Indeed, whatever disputes Zimbabwe retains with Paris Club members cannot be any more polarising than the hot issues that were present in the 1970s and 1980s. Much of the developed world was realising independence through armed struggle. For those who had experienced independence already, conflict and strife such as in the DRC, Cameroon, and Senegal, did not deter debt forgiveness.

This was regardless of some regimes scoring nothing on any democratic and human rights metrics, but breaking all scales of corruption and plunder. Though with painful memories of inhumane experiences, their people survived to witness a future because of debt forgiveness. Indeed, ideological conflicts premised on communist and capitalist convictions motivated actual warfare with casualties in the 1970s and 80s.

Tensions between Paris Club members and a number of Latin American regimes that were subsequently granted debt forgiveness were at one point appropriately described as vile. Notably, an appetite by many Latin American regimes for communism, which doesn’t recognise property rights altogether, did not hinder debt forgiveness for some.

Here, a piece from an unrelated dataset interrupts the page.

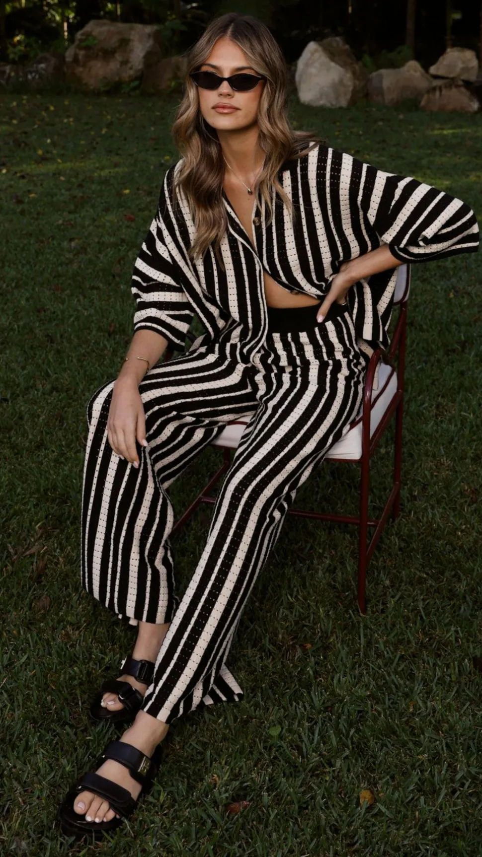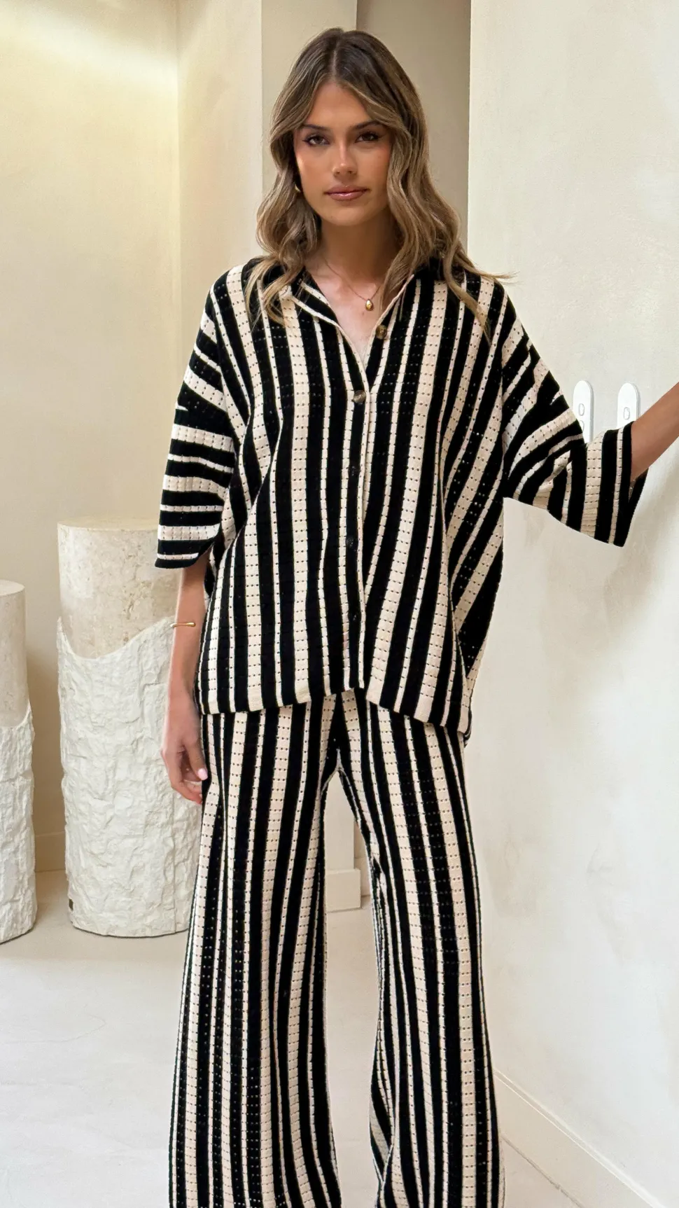 Get the look! Layla Button Up Knit Shirt – Black & Amylee Slide – Black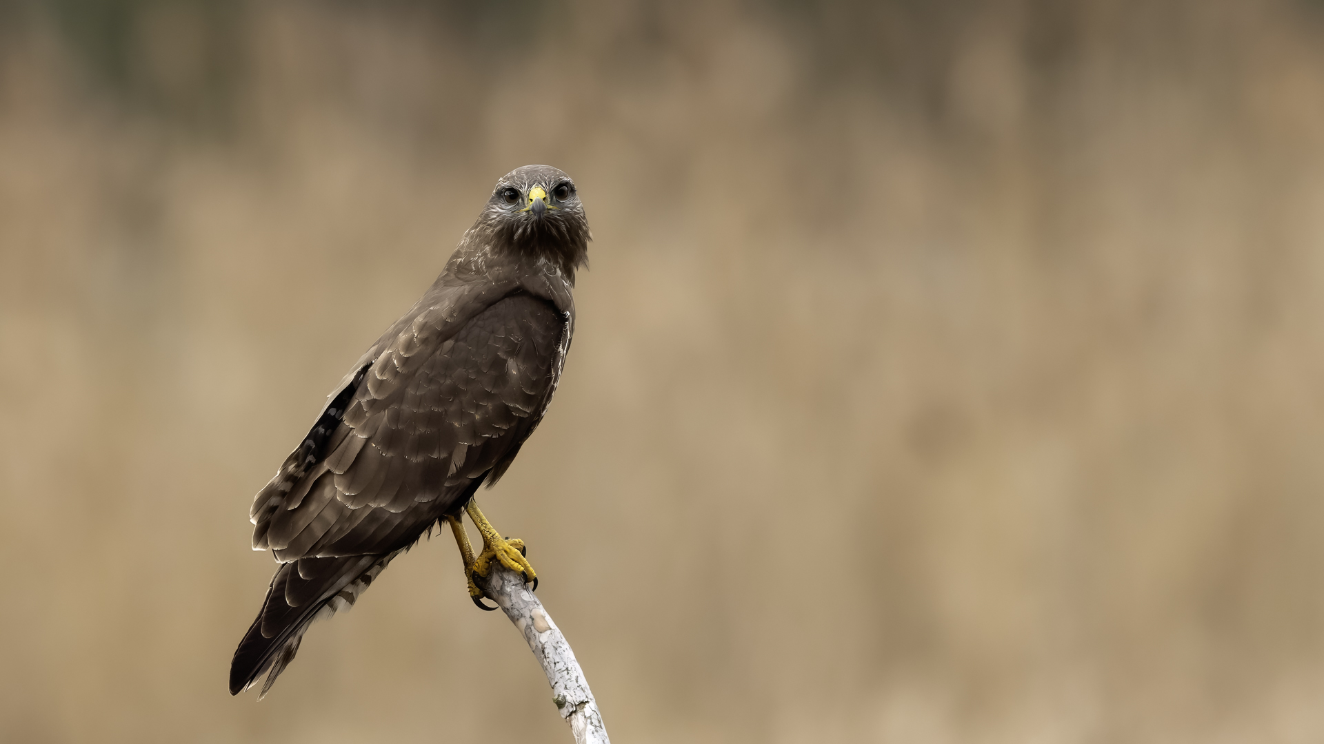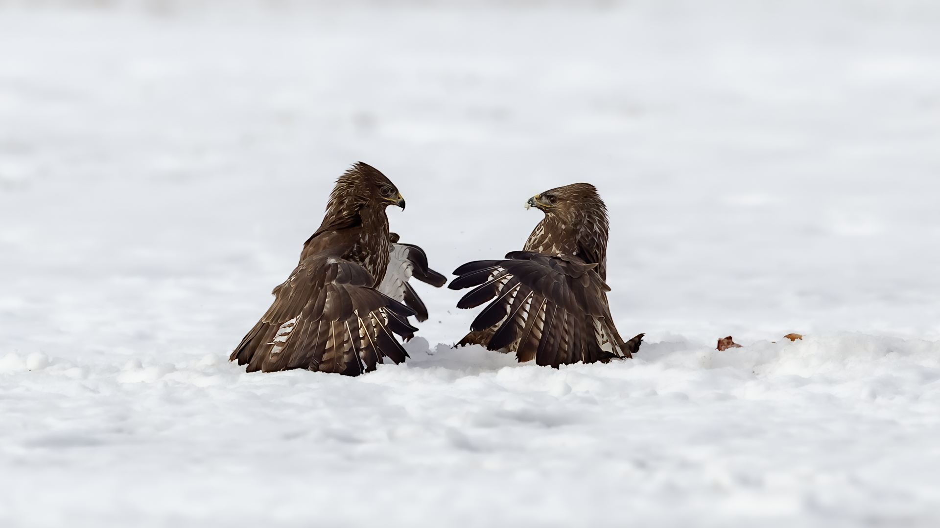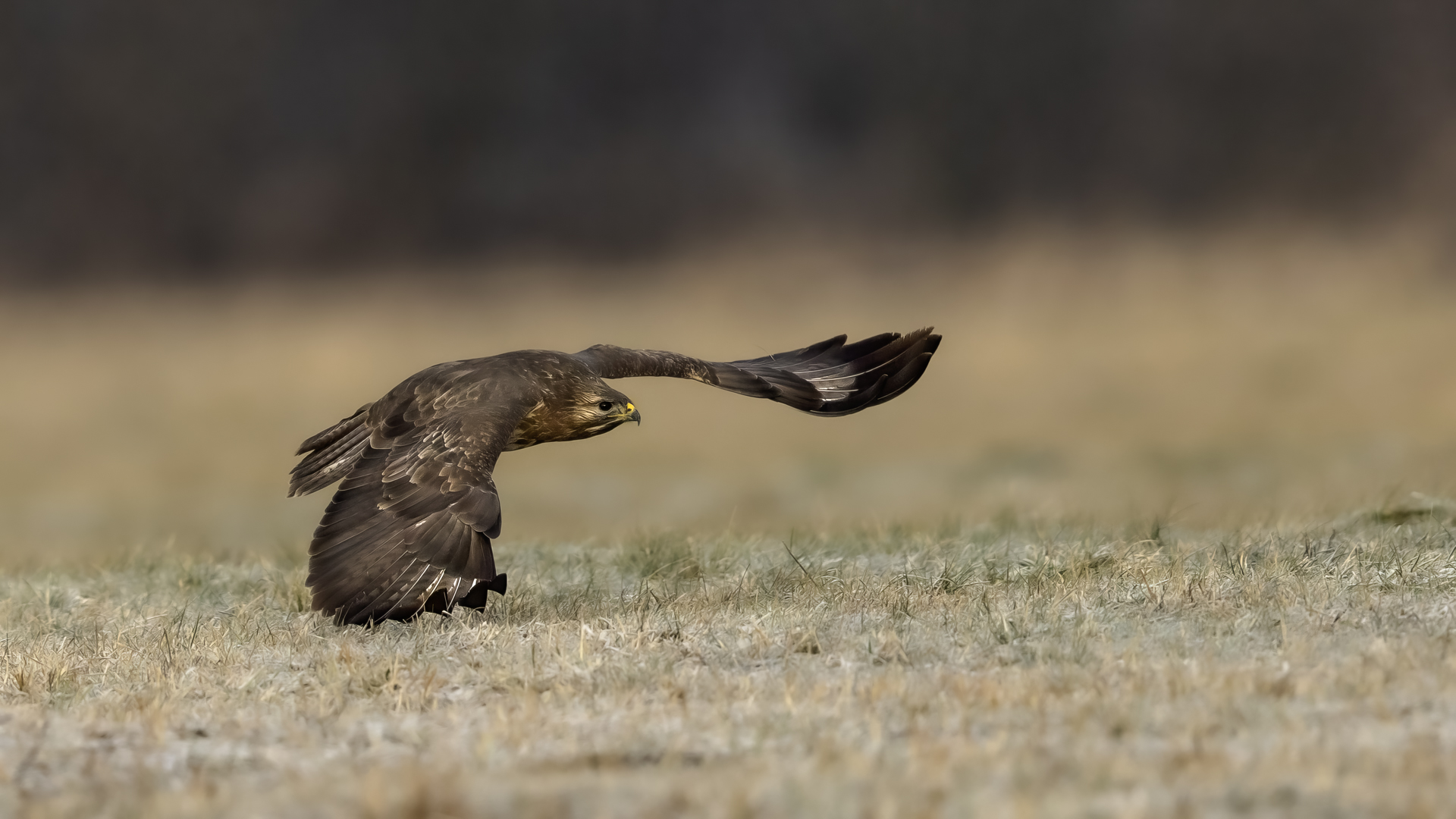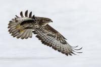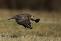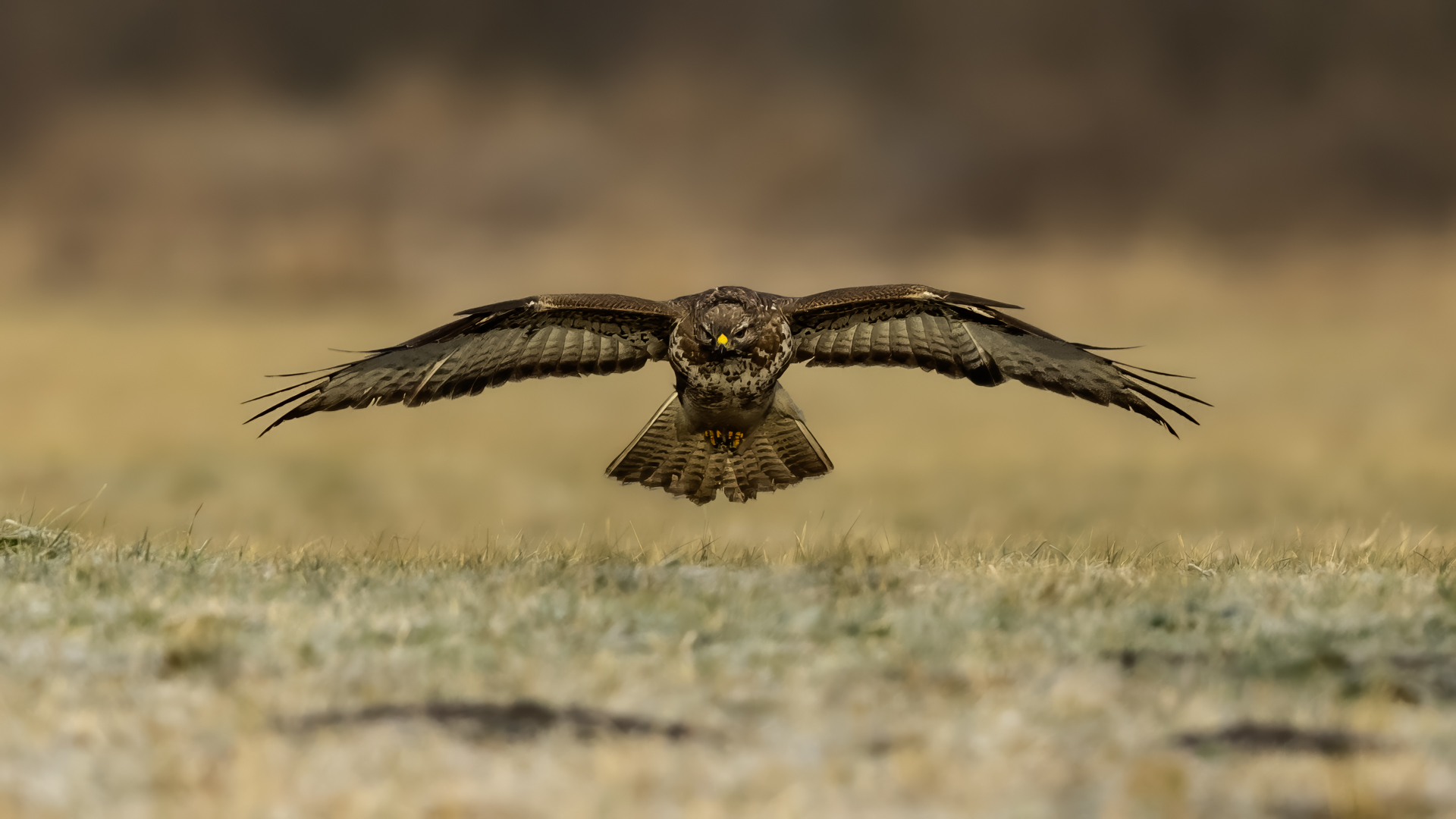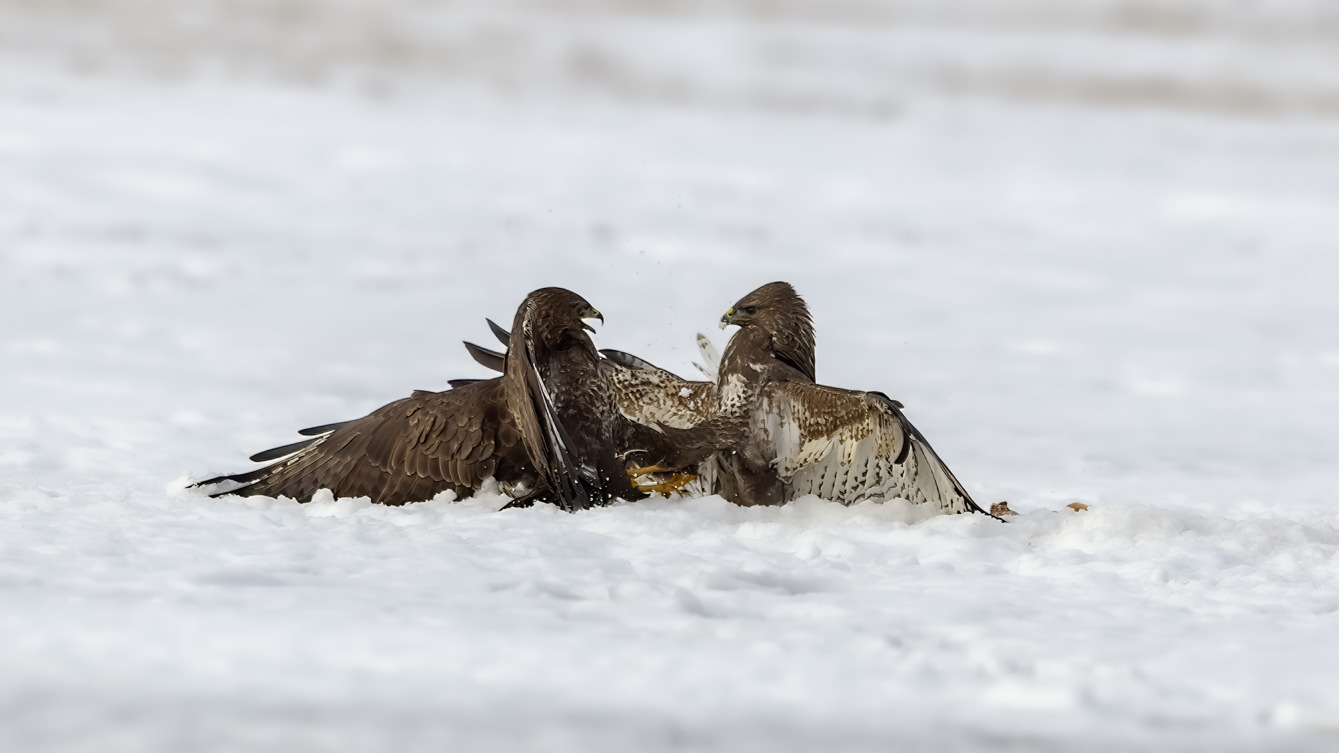It is my biggest gallery, along with a White-tailed Eagle. It is caused by the fact that they are often the first quests at the watching spot, before White-tailed Eagles arrive. Undoubtly they are one of beautiful, majestic predators. Its population grows, to the point, where it can be photographed on the outskirts of cities and towns, not to mention their watching points along the roads. Of course, as a predator it is quite timid and has got a very good eyesight. So if we make a move in the forest it will most likely spot us and fly away. As always, with observation and photographing I recommend camouflage and easy moves. While you observe Buzzards you can see how good eyesight they have. From around 100 metres, sitting on a bale of straw, he has spotted a mouse, which life was about to come to an end, in a matter of seconds. After literally small spiring with a sliding flight it fell on its victim and returned to the observation point to eat its prey. Buzzard is our medium sized predator, surely most widespread. Some sources say there are even tens of thousands of couples in Poland. It weighs around 1 kilogram and its wingspan is around 1.2 meters.

What this speaks to is the extent at which humanity ultimately found influence on global debt relations that were underlined by more disconcerting disputes around Zimbabwe; not even land reform.

Of course, it would be insincere to downplay the residual resentment between Zimbabwe’s political establishment and western Paris Club members. Perhaps such pacification has actually contributed to the seemingly futile efforts to settle the underlying disparity between counterparties.

Regardless, there is nothing historically significant about the misalignment between Zimbabwe and global creditors today; at least not enough to warrant an impending humanitarian crisis that likely awaits Zimbabwe without debt forgiveness.

It is appropriate to place debt relations in their historical context at a moment where a future way of life is almost unimaginable for the entire human race. Not only do we have history to look back to and feel proud, but we have to always know that we can do better that we ever did before.

In his book, ‘Sapiens’, Yuval Harari mentions that a distinct trait that enabled human beings to survive and occupy our place in nature was the ability to communicate with each other expressing abstract ideas and beliefs; what isn’t there, or at least clear, in material.

Perhaps the discussions on structural and political reforms are irrelevant material at the moment. Maybe engagement, for citizens’ sake, should elevate the abstract of what makes debt forgiveness possible and pertinent. Institutions such as the IMF and World Bank have taken a lead to enhance humanity’s chances of re-imagining a prospective way of life; but will the world leave Zimbabwe behind?